14:47 September 7, 2011 by StockholmSam
Public services should be privatized with the stipulation that a minimum level of increase in efficiency (say, 10%) must be attained within a certain time (7 years) or else the operation will return to public ownership. As it now stands, service has not improved and we cannot regain ownership of those services. Too bad, so sad.
15:01 September 7, 2011 by Opinionfool
Sweden should have looked to the example of England, especially Thatcher's privatisation of public services, then run in the opposite direction away from any such stupidity. As an Englishman one of the aspects of Swedish culture that I love (and long to see here instilled in my homeland) is the social responsibility ethic; not the "me me me" of English politics but the "us and them" that makes Sweden great.
15:53 September 7, 2011 by StockholmSam
A related topic I find interesting is the privatization of the pharmacy industry. I was really looking forward to greater selection and better prices, but neither have materialized. Heck, even Boots entered the market with much fanfare but when I visited the Boots in Hornstull, I found it filled with the exact same products (at the same prices) as the Doc Morris across the street and the Apoteket next door. Really sad statement on Swedish culture that they cannot gain diversity. Look at their cafés...all the same chocolate balls and dry cinnamon buns no matter which one you choose.
16:11 September 7, 2011 by engagebrain
Some things like energy, water and railways are too important to allow the privte sector to bugger them - as Opinionfool says look at the UK - profits galore, obscene executive salaries but prices are higher and services deteriorate.

Privatisation is even worse than state control - a least you can vote the politicians out.
17:01 September 7, 2011 by Addendum
The best care I've received has come from private doctors outside of Sweden. In Sweden, you're left to die and told to leave the country. Medical dictatorship.

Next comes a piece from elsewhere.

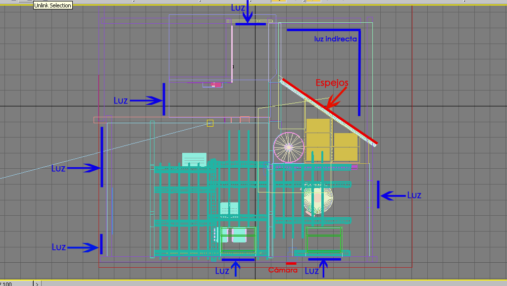 La elección de este diseño para el reto fue la dificultad de cuadrar los espejos con las dimensiones de la estancia, para que todo quedase en su sitio sin tener medidas reales de nada. Es de las cosas que más me ha costado.
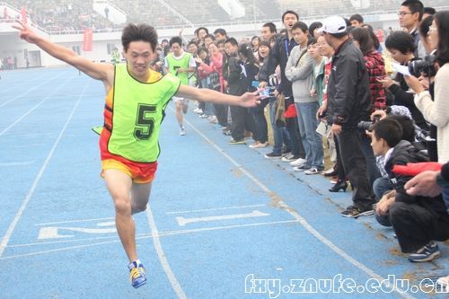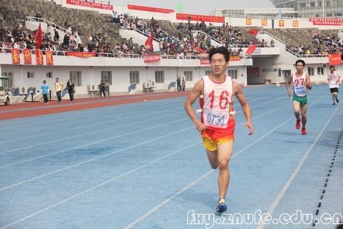运动会首日的男子5000米比赛中,我院选手李号然一路坚持跑到终点。虽然没有取得很好的名次,但是他为我们很好地诠释了永不言弃的竞技精神。

17:14 September 7, 2011 by Grokh
if by efficiency you mean people going in for a check up and waking up without boobs or a nut, and proffit up then sure
18:07 September 7, 2011 by Brtahan
And ofcourse this research is funded by the ruling party who want sell most of the govt sector , so that the rich can put whatever price they want! and the middle class and the poor gets screwed! what happens with privatization , wages drop so that the rich gets richer ,price sky rocket , same reasons.

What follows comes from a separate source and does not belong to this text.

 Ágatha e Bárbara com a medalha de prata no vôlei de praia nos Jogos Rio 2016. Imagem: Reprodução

19:18 September 7, 2011 by B*tchslap
Um, Brtahan, somehow I don't think this study was funded by the ruling party. If you actually read the article, you get the sense that privatization has not worked as promised.
21:47 September 7, 2011 by Brtahan
Haha ,this happens when i read the comments instead of the article, but the point of privatization is still the same, making things private is like making greed take over control. Money will be first in all situations.